Our device can harvest tiny mechanical energy of body movement, such as finger pressing or arm flexing. These motions can easily provide enough force (several tens of newton) for driving the device. It should be noted that the device needs to work during the moment of movement and cannot provide its own energy during sleep or rest. In our experiment, the piezoelectric voltage of the device inside the mouse body needs to be tested by external voltmeter. And the device needs to be driven by external applied deformation. Further work can be focused on integrating the signal processor, wireless signal emitter, and mechanical unit with the device, and the whole system can work independently inside the body.

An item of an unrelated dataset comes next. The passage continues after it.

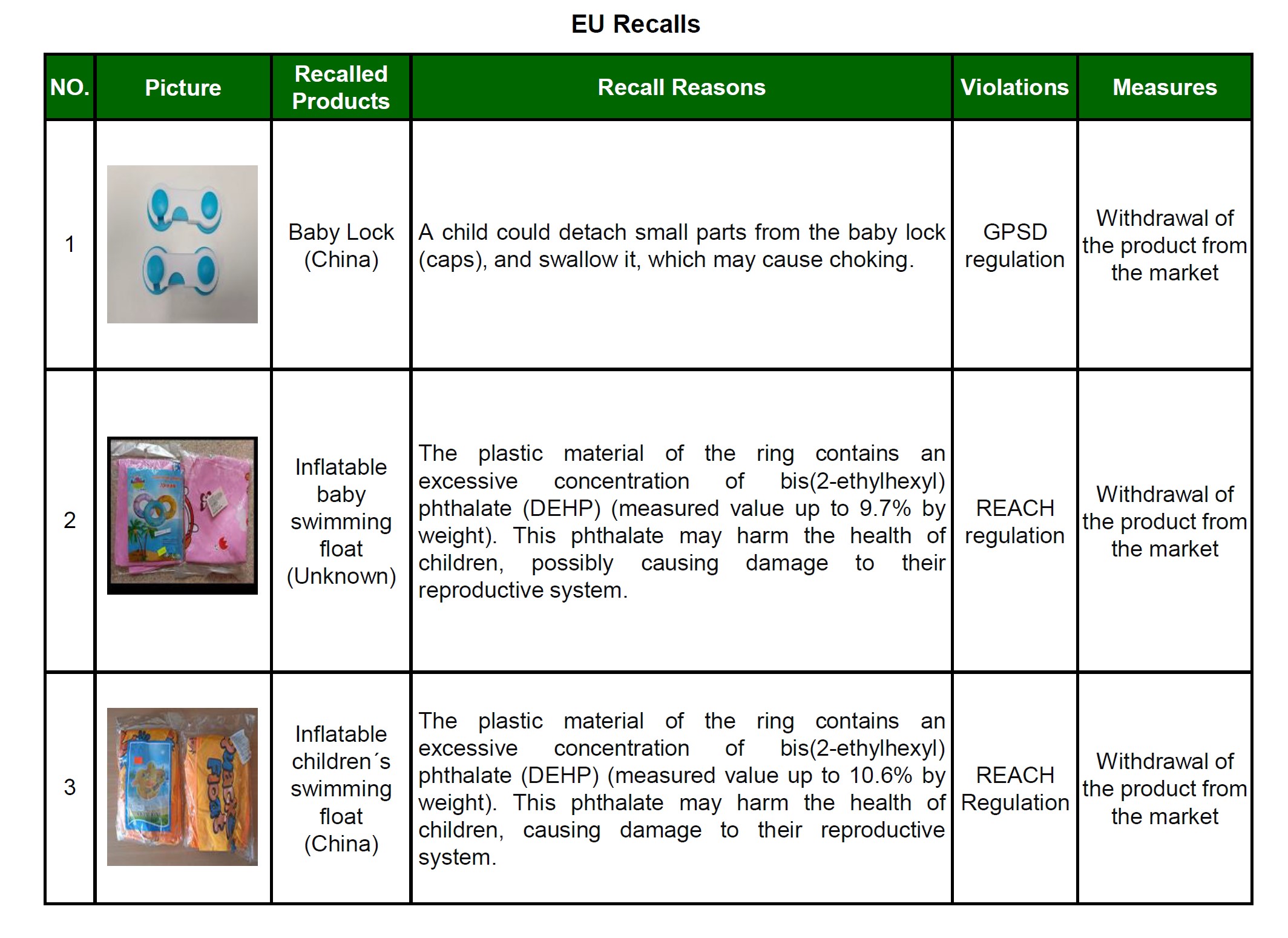 There were 3 products (inflatable baby swimming float, Pencil case) cases were recalled that contain excessive concentration of bis(2-ethylhexyl) phthalate (DEHP), this phthalate may harm the health f children, possibly causing damage to their reproductive system.

It should also be pointed that the device is still invasive since a “surgery” process is conducted to implant this device into a mouse under the skin, which is against the future demand of noninvasive glucose monitoring. Thus, there are two development direction of the device in the future. One is that the device will detect body fluid outside the skin (tear, saliva, and so on) by improving performance. The working range of our device (0.024–0.119 g L−1) is below the concentration found in blood (0.36–5.4 g L−1). By considering the size of the device, its biocompatibility and problems with long-term usage of enzymatic sensors, we could probably fabricate a contact lenses glucose sensor (concentration in tears 0.018–0.108 g L−1) in the future study [17]. The other one is that the overall size of the sensor system will be integrated into the micro-nano-level, and it can be implanted into the human body through a simple method without surgery. It should also be noted that the Kapton film is relatively thick, and this Kapton film cannot be conformably implanted inside the body. The material system and the device structure have not reached the level for practical application. In the future work, we will print the device on much conformable substrates, such as PDMS.